# DATASET EXCERPT
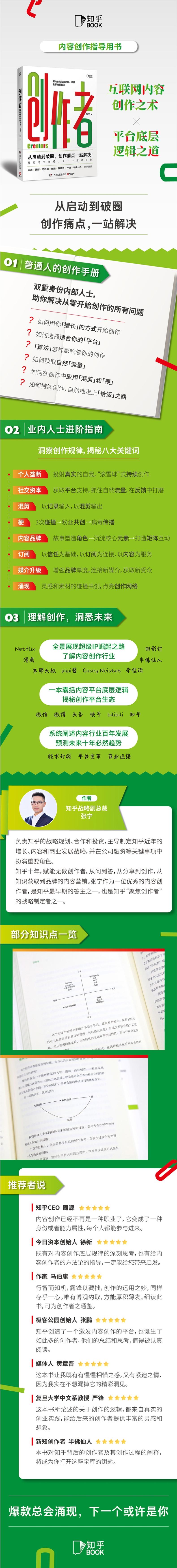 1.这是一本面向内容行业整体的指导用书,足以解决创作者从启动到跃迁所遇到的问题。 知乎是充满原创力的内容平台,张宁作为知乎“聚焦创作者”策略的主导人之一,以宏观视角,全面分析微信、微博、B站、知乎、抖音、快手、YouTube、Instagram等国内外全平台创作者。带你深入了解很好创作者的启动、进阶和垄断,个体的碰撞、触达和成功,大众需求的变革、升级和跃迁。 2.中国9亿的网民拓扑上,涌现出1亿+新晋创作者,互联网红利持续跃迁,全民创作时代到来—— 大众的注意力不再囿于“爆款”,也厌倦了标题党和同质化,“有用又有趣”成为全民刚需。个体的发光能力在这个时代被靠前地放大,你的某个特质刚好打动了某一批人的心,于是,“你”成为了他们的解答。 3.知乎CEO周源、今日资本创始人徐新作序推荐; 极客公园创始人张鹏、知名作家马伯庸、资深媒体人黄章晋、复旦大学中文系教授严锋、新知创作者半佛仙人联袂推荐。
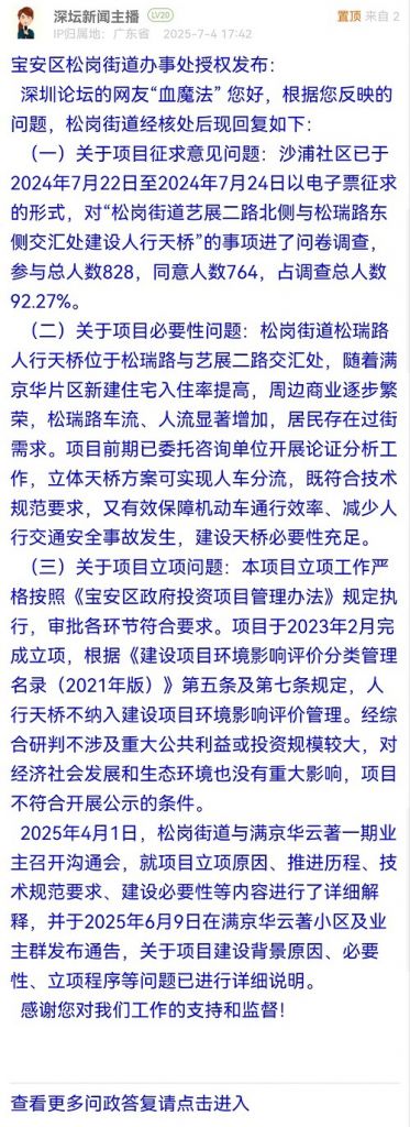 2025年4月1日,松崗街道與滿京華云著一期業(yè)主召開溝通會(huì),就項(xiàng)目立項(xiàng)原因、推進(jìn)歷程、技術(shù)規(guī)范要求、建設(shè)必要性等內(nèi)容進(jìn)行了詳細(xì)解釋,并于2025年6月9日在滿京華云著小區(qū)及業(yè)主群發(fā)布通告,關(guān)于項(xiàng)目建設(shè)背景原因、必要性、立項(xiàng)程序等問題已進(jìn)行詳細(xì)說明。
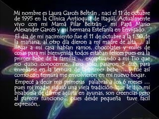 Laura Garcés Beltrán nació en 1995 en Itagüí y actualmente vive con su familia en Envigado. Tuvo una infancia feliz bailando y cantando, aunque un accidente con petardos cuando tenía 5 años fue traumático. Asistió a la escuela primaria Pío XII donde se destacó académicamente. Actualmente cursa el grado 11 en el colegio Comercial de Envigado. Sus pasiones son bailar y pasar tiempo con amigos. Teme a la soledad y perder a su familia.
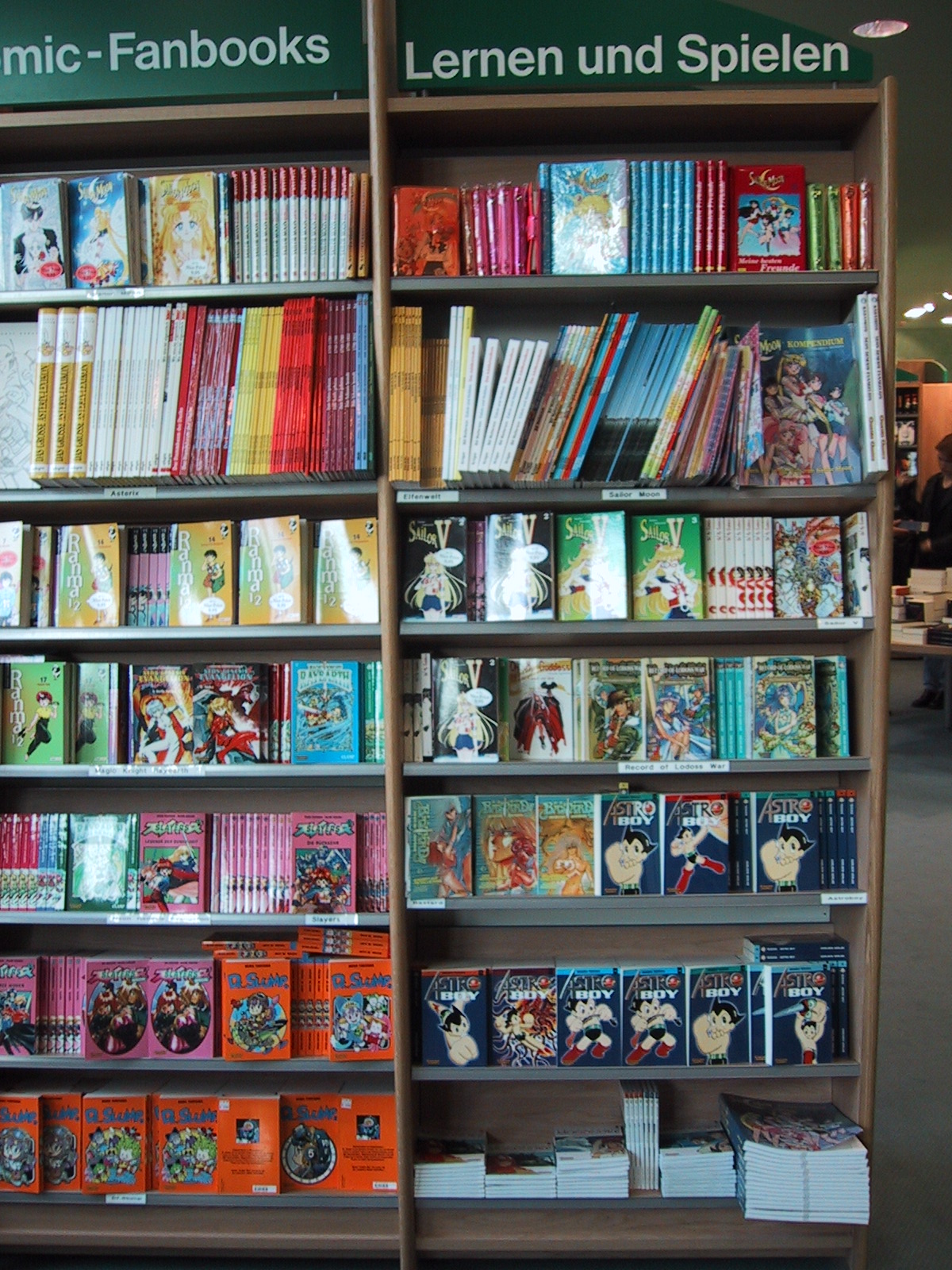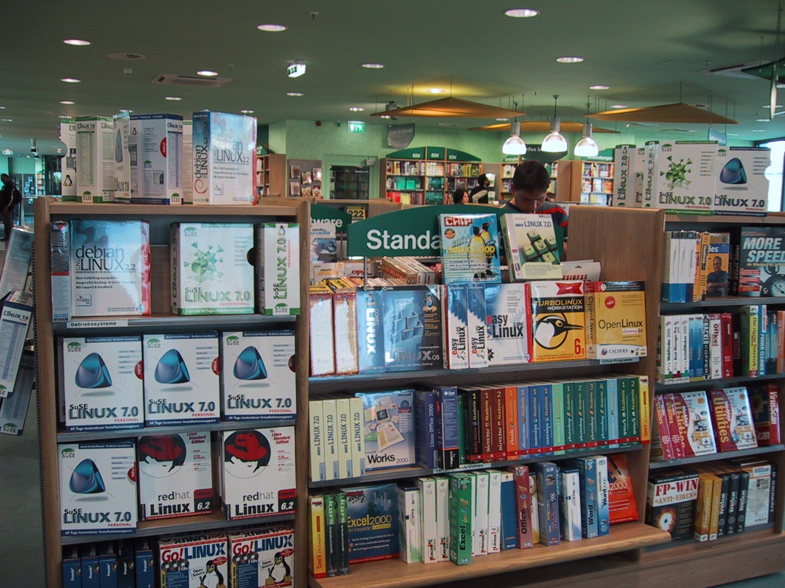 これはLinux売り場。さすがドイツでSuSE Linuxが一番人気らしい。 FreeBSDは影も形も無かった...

# AIM OF THE TASK
Write out the material exactly as it stands, omitting every picture.

# RESULT OF THIS TASK
 1.这是一本面向内容行业整体的指导用书,足以解决创作者从启动到跃迁所遇到的问题。 知乎是充满原创力的内容平台,张宁作为知乎“聚焦创作者”策略的主导人之一,以宏观视角,全面分析微信、微博、B站、知乎、抖音、快手、YouTube、Instagram等国内外全平台创作者。带你深入了解很好创作者的启动、进阶和垄断,个体的碰撞、触达和成功,大众需求的变革、升级和跃迁。 2.中国9亿的网民拓扑上,涌现出1亿+新晋创作者,互联网红利持续跃迁,全民创作时代到来—— 大众的注意力不再囿于“爆款”,也厌倦了标题党和同质化,“有用又有趣”成为全民刚需。个体的发光能力在这个时代被靠前地放大,你的某个特质刚好打动了某一批人的心,于是,“你”成为了他们的解答。 3.知乎CEO周源、今日资本创始人徐新作序推荐; 极客公园创始人张鹏、知名作家马伯庸、资深媒体人黄章晋、复旦大学中文系教授严锋、新知创作者半佛仙人联袂推荐。
 2025年4月1日,松崗街道與滿京華云著一期業(yè)主召開溝通會(huì),就項(xiàng)目立項(xiàng)原因、推進(jìn)歷程、技術(shù)規(guī)范要求、建設(shè)必要性等內(nèi)容進(jìn)行了詳細(xì)解釋,并于2025年6月9日在滿京華云著小區(qū)及業(yè)主群發(fā)布通告,關(guān)于項(xiàng)目建設(shè)背景原因、必要性、立項(xiàng)程序等問題已進(jìn)行詳細(xì)說明。
 Laura Garcés Beltrán nació en 1995 en Itagüí y actualmente vive con su familia en Envigado. Tuvo una infancia feliz bailando y cantando, aunque un accidente con petardos cuando tenía 5 años fue traumático. Asistió a la escuela primaria Pío XII donde se destacó académicamente. Actualmente cursa el grado 11 en el colegio Comercial de Envigado. Sus pasiones son bailar y pasar tiempo con amigos. Teme a la soledad y perder a su familia.
 これはLinux売り場。さすがドイツでSuSE Linuxが一番人気らしい。 FreeBSDは影も形も無かった...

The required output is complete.